No. Truly one of my dearest friends, Remi Aubuchon, is the show runner of that this year.
You're also working on writing a movie project, "Major Matt Mason"? Is that with Tom Hanks?
Yeah. Who knows what's going to happen with that, because Tom is very busy now acting in a bunch of things. I think he's doing "Cloud Atlas" now over in Europe. And then there's the -‑ I think probably going into the Maersk Alabama ("Captain Phillips") thing. So we'll see if it happens. I hope it does, because we both love lunar exploration. The story is set on the moon, near future, and it's a team of people on a base on the moon, on the south pole of the moon. And of course everything goes wrong. There's no bad guys. There's no aliens. Nothing like that. It's just, can you survive? It's really fun, and it's just been a blast working with Tom on that. We had such a good time on "From Earth to the Moon" that it's sort of like, "We've got to go back to the moon. Some way, somehow, let's go back to the moon."
What do you watch on TV when you have time?
In terms of hour‑long, the big thing is "Game of Thrones." My son got me into that. I've still been catching up on it. I haven't gotten all the way through it, but I've got them on TiVo. I just think it's a brilliant show.

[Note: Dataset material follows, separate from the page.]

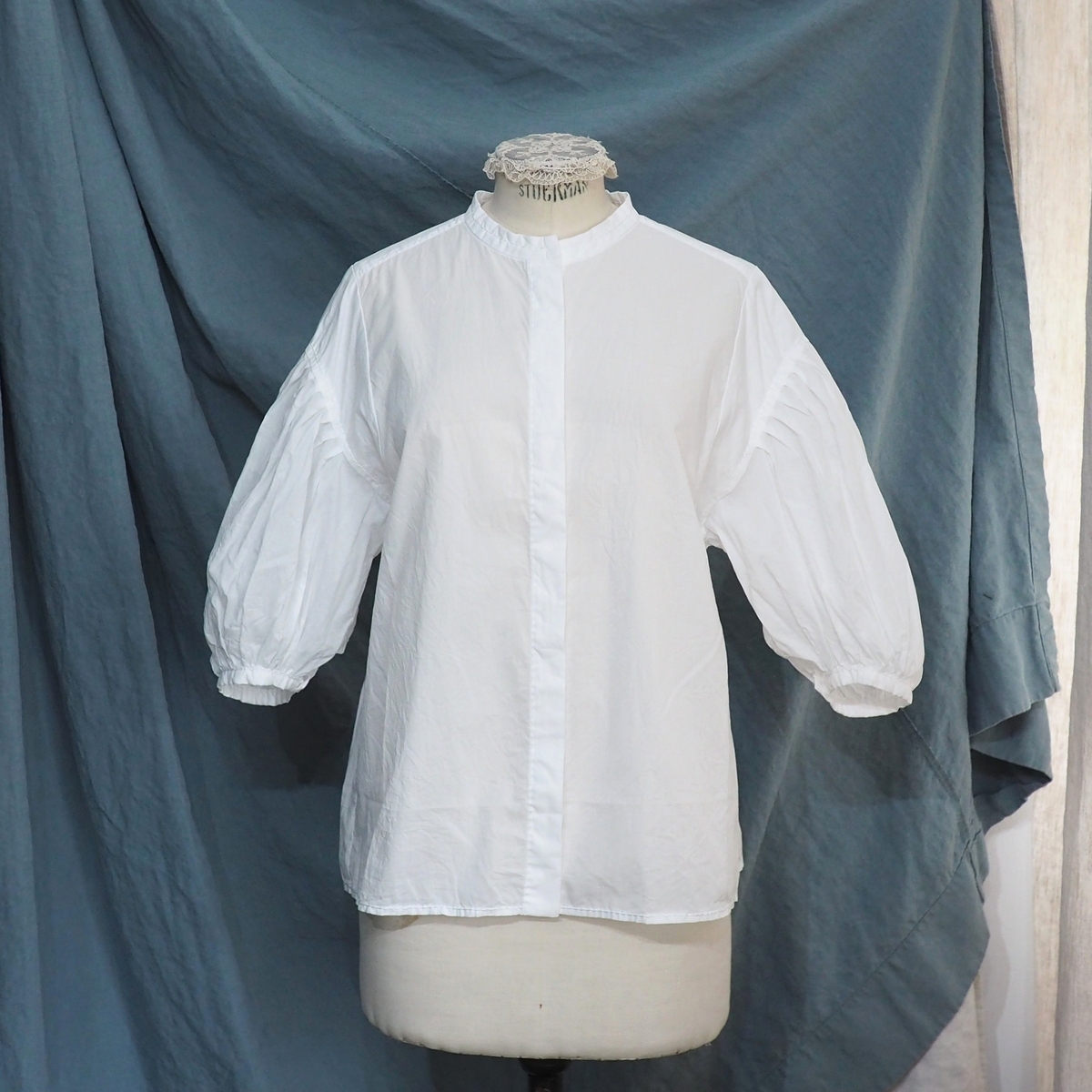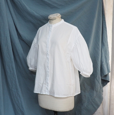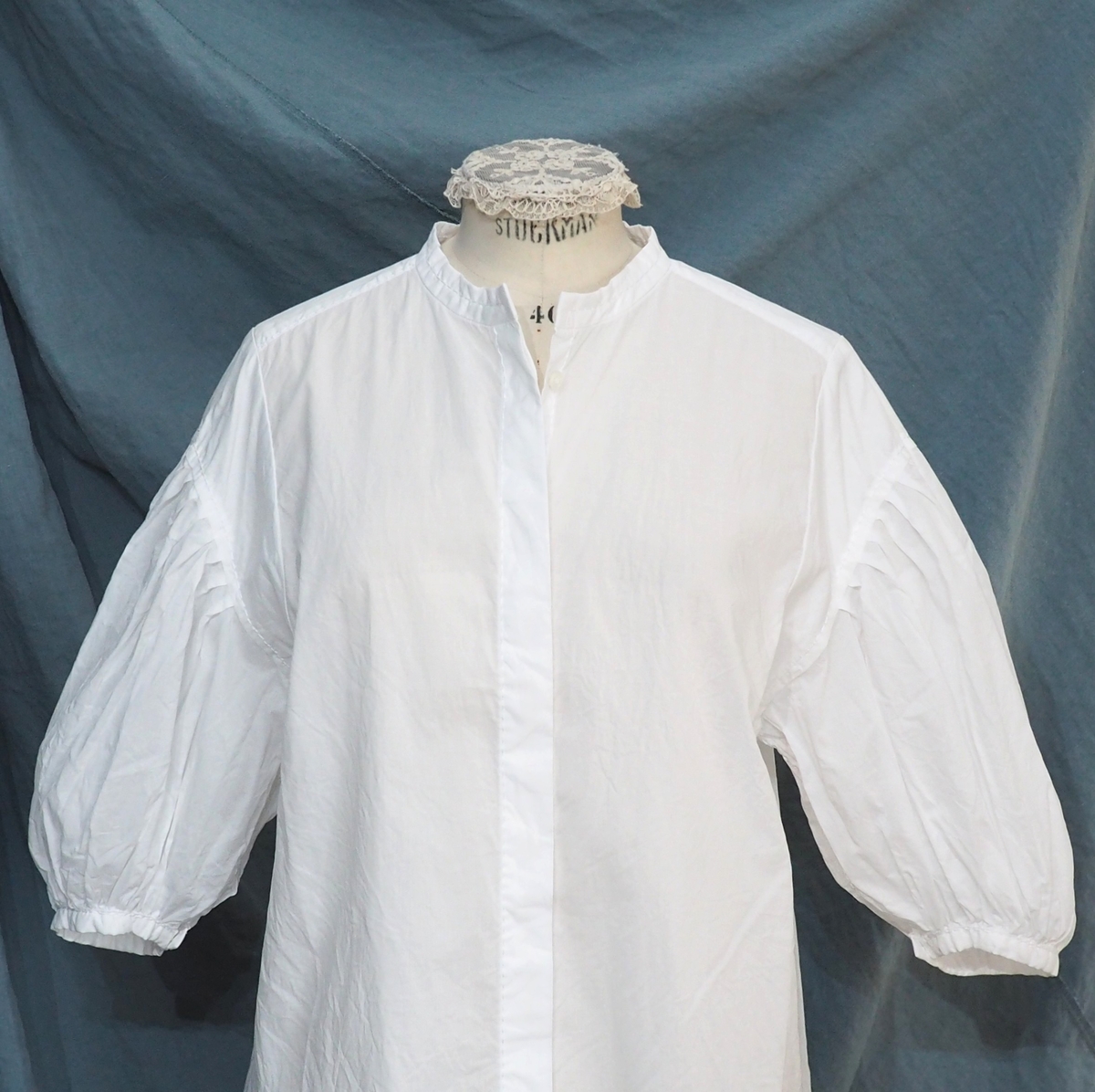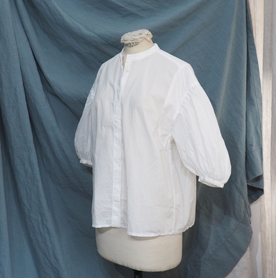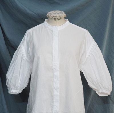 型は、パフスリーブが特徴の、スタンドカラー、比翼仕立てのブラウス。

And I watch a fair amount of half‑hour. I love the FX comedies. I'm very excited that "Archer" is coming back, that I get to see new "Archer" soon. I've been watching "It's Always Sunny" for a number of years. I watch that with my son and, oh, boy, we just laugh, and we just cringe. There was a high school reunion, a two‑parter, that was one of the hardest things I've ever had to watch. It was just so gut‑wrenchingly wince‑inducing. But hilarious. "Modern Family." That's something we all watch as a family. Sometimes not together, because of TiVo. It's like, "I've already see it." But that's a big favorite. And frankly, Colbert and "Daily Show."